START Exercise inputs

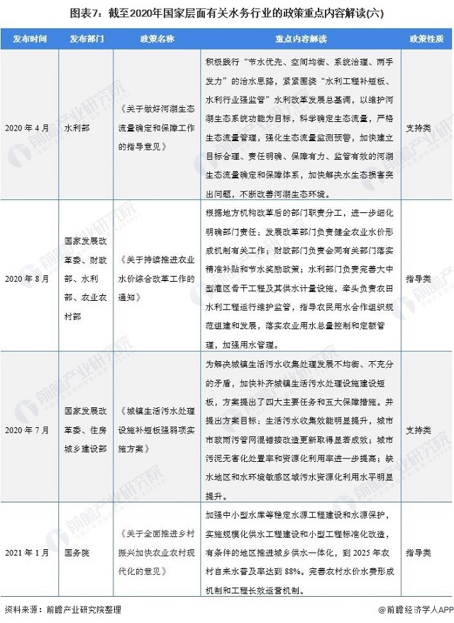 圖表7:截至2020年國(guó)家層面有關(guān)水務(wù)行業(yè)的政策重點(diǎn)內(nèi)容解讀(六)
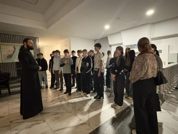 После экскурсии в зале Церковных собраний состоялся просмотр фильма «За имя Мое…», который поднимает важные духовные и нравственные вопросы. По завершении просмотра иеромонах Марк (Корнилов) обсудил с детьми просмотренный фильм, подробно раскрыл смысл картины и ответил на вопросы, возникшие у юных зрителей.
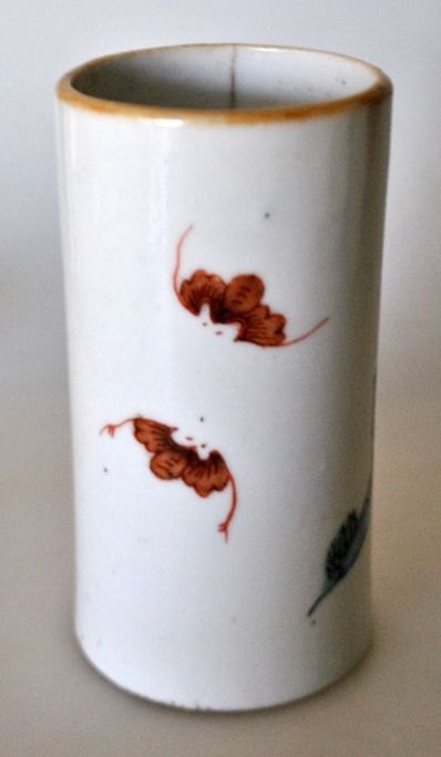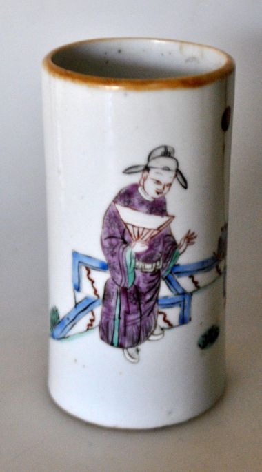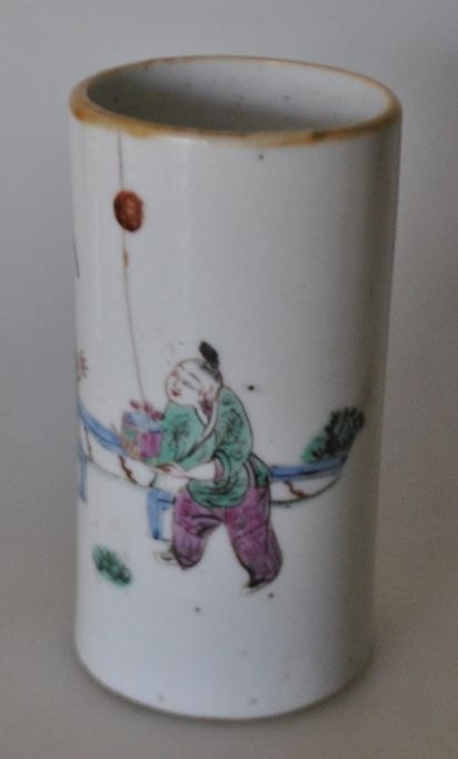 Kinesisk pensel bæger i porcelæn, Tongzhi, 19. årh. Dekoreret med mænd i have og flagermus. Polykrom bemaling, Stemplet. H: 11,5 cm. Dia: 6 cm.
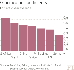 中国はすでに、世界でもっとも貧富の格差が大きい国家の一つになった。1%の富裕層世帯が国の3分の1の富を独占している。社会における所得分配の不平等さを測る指標であるジニ係数は0.49に達し、世界で南ア…
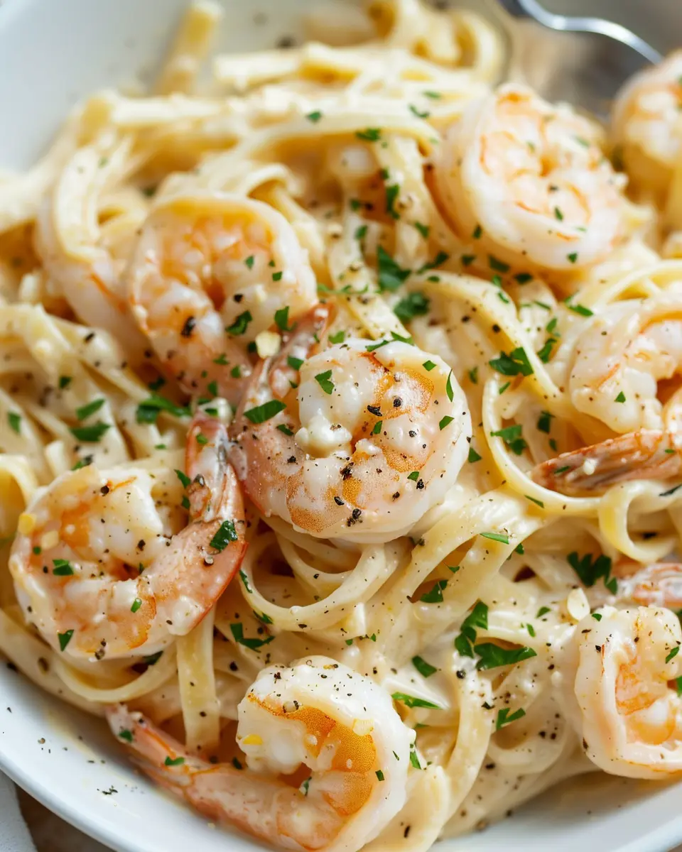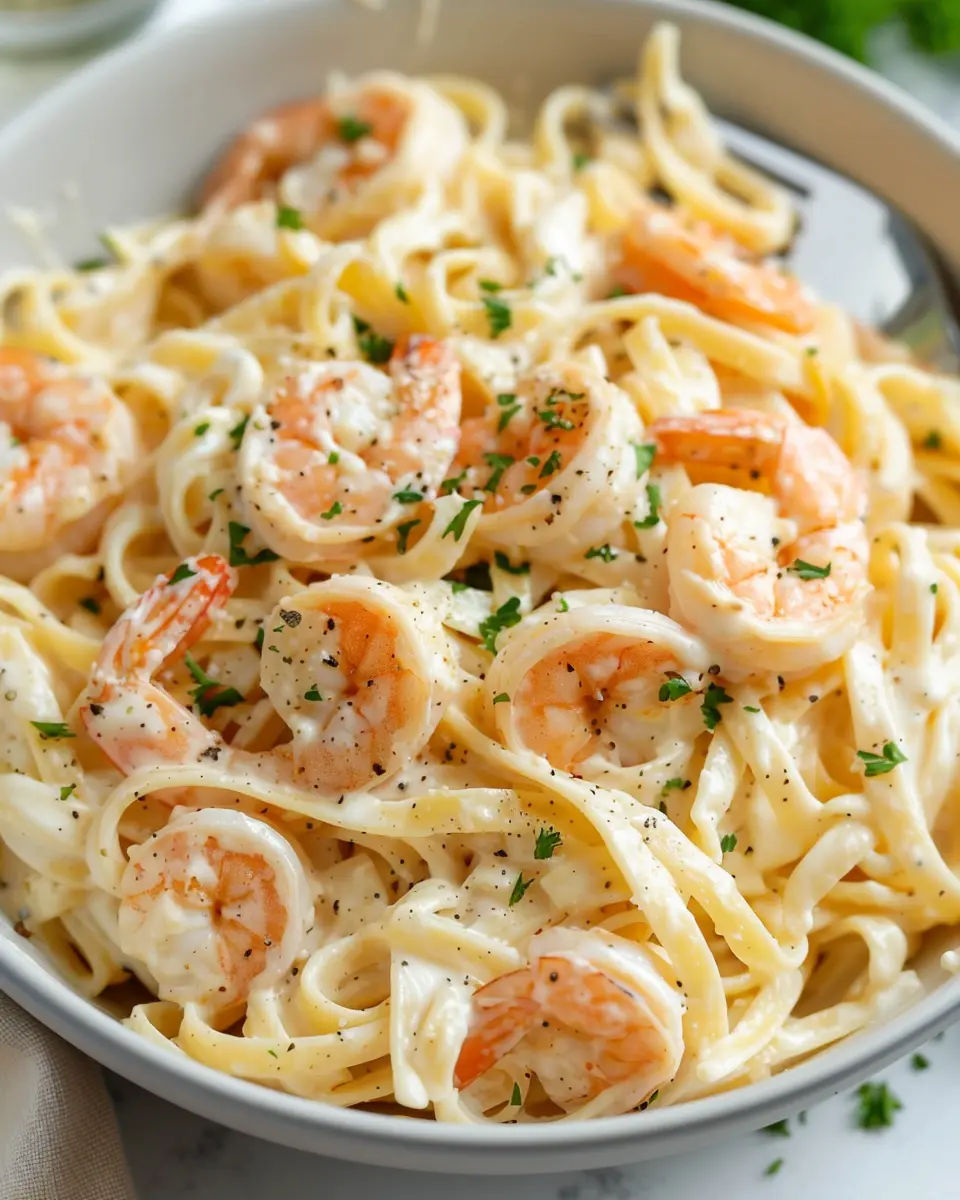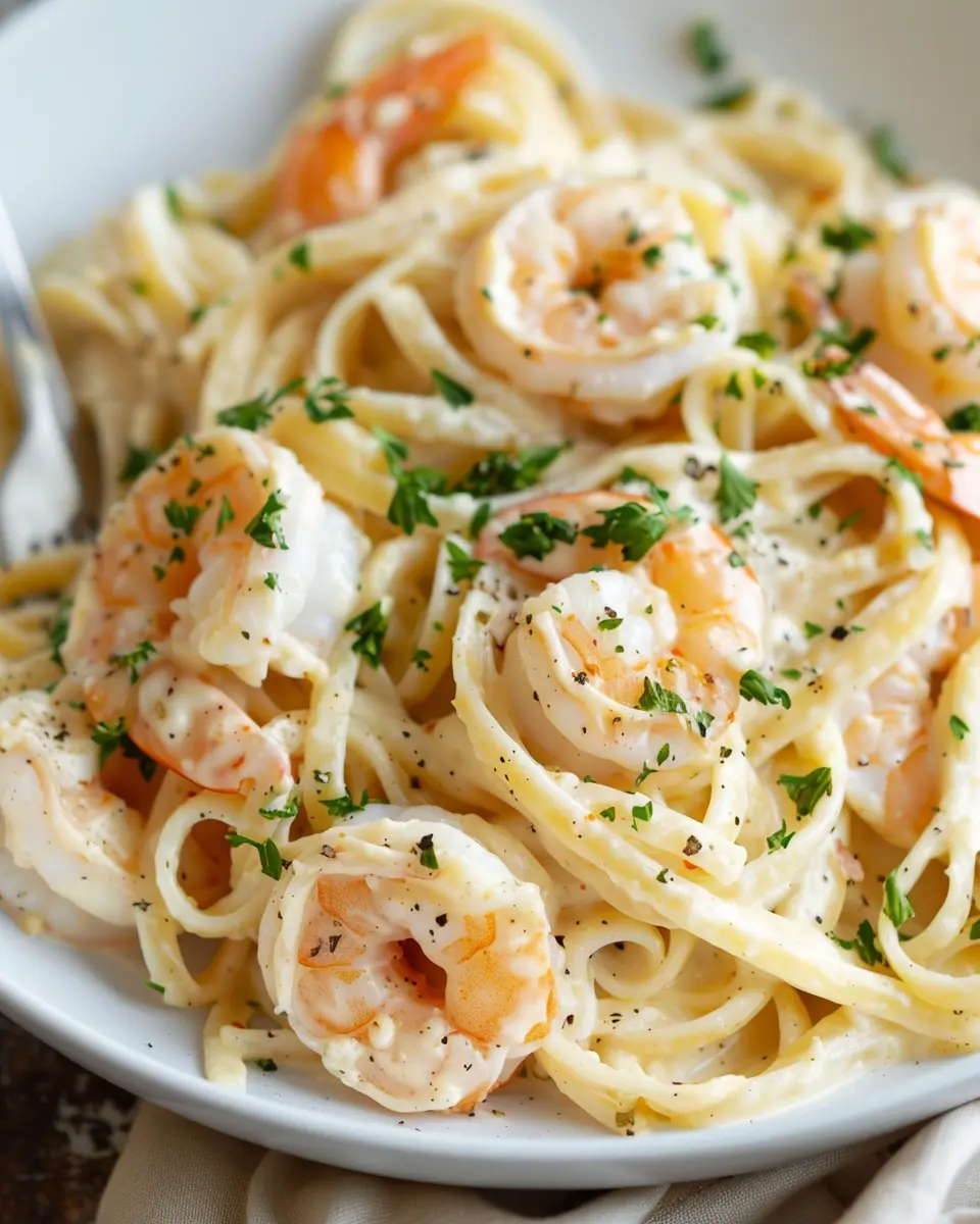 PrintShrimp Alfredo Fettuccine: Easy Indulgence for Any Home Cook

END Exercise inputs

**Brief:** Only the pictures are to be left out; repeat everything else in the records above exactly.

**Solution for this exercise:**
 圖表7:截至2020年國(guó)家層面有關(guān)水務(wù)行業(yè)的政策重點(diǎn)內(nèi)容解讀(六)
 После экскурсии в зале Церковных собраний состоялся просмотр фильма «За имя Мое…», который поднимает важные духовные и нравственные вопросы. По завершении просмотра иеромонах Марк (Корнилов) обсудил с детьми просмотренный фильм, подробно раскрыл смысл картины и ответил на вопросы, возникшие у юных зрителей.
 Kinesisk pensel bæger i porcelæn, Tongzhi, 19. årh. Dekoreret med mænd i have og flagermus. Polykrom bemaling, Stemplet. H: 11,5 cm. Dia: 6 cm.
 中国はすでに、世界でもっとも貧富の格差が大きい国家の一つになった。1%の富裕層世帯が国の3分の1の富を独占している。社会における所得分配の不平等さを測る指標であるジニ係数は0.49に達し、世界で南ア…
 PrintShrimp Alfredo Fettuccine: Easy Indulgence for Any Home Cook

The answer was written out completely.